_WHAT IS BEING ASKED_. Exactly as written, retype all of the records that come next.

_RECORDS SUPPLIED_.
——
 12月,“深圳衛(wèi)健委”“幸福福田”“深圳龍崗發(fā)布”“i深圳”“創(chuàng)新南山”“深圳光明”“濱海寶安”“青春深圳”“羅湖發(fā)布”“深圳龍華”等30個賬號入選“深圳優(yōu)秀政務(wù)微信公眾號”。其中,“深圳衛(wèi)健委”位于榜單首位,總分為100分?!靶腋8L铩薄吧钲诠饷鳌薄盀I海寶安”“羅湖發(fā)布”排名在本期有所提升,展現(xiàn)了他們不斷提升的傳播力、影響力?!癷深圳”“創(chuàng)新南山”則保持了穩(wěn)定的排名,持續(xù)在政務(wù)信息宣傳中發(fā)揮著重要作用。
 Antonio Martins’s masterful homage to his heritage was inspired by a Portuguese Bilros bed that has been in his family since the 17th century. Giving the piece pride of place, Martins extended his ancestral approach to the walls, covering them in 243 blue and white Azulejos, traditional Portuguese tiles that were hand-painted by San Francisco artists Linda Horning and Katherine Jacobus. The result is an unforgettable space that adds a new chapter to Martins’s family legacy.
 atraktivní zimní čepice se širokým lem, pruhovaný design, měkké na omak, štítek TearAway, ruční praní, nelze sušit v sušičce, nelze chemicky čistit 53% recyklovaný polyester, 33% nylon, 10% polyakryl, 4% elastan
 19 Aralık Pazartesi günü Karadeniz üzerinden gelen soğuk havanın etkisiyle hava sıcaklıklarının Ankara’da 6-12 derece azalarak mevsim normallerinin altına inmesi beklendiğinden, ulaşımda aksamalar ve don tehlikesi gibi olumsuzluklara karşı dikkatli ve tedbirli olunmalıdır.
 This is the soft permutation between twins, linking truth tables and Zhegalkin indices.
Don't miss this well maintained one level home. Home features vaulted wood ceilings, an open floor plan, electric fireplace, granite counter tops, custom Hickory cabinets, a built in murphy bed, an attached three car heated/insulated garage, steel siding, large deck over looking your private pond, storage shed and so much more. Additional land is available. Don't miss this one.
——
_SOLVED PROBLEM_.
 12月,“深圳衛(wèi)健委”“幸福福田”“深圳龍崗發(fā)布”“i深圳”“創(chuàng)新南山”“深圳光明”“濱海寶安”“青春深圳”“羅湖發(fā)布”“深圳龍華”等30個賬號入選“深圳優(yōu)秀政務(wù)微信公眾號”。其中,“深圳衛(wèi)健委”位于榜單首位,總分為100分?!靶腋8L铩薄吧钲诠饷鳌薄盀I海寶安”“羅湖發(fā)布”排名在本期有所提升,展現(xiàn)了他們不斷提升的傳播力、影響力?!癷深圳”“創(chuàng)新南山”則保持了穩(wěn)定的排名,持續(xù)在政務(wù)信息宣傳中發(fā)揮著重要作用。
 Antonio Martins’s masterful homage to his heritage was inspired by a Portuguese Bilros bed that has been in his family since the 17th century. Giving the piece pride of place, Martins extended his ancestral approach to the walls, covering them in 243 blue and white Azulejos, traditional Portuguese tiles that were hand-painted by San Francisco artists Linda Horning and Katherine Jacobus. The result is an unforgettable space that adds a new chapter to Martins’s family legacy.
 atraktivní zimní čepice se širokým lem, pruhovaný design, měkké na omak, štítek TearAway, ruční praní, nelze sušit v sušičce, nelze chemicky čistit 53% recyklovaný polyester, 33% nylon, 10% polyakryl, 4% elastan
 19 Aralık Pazartesi günü Karadeniz üzerinden gelen soğuk havanın etkisiyle hava sıcaklıklarının Ankara’da 6-12 derece azalarak mevsim normallerinin altına inmesi beklendiğinden, ulaşımda aksamalar ve don tehlikesi gibi olumsuzluklara karşı dikkatli ve tedbirli olunmalıdır.
 This is the soft permutation between twins, linking truth tables and Zhegalkin indices.
Don't miss this well maintained one level home. Home features vaulted wood ceilings, an open floor plan, electric fireplace, granite counter tops, custom Hickory cabinets, a built in murphy bed, an attached three car heated/insulated garage, steel siding, large deck over looking your private pond, storage shed and so much more. Additional land is available. Don't miss this one.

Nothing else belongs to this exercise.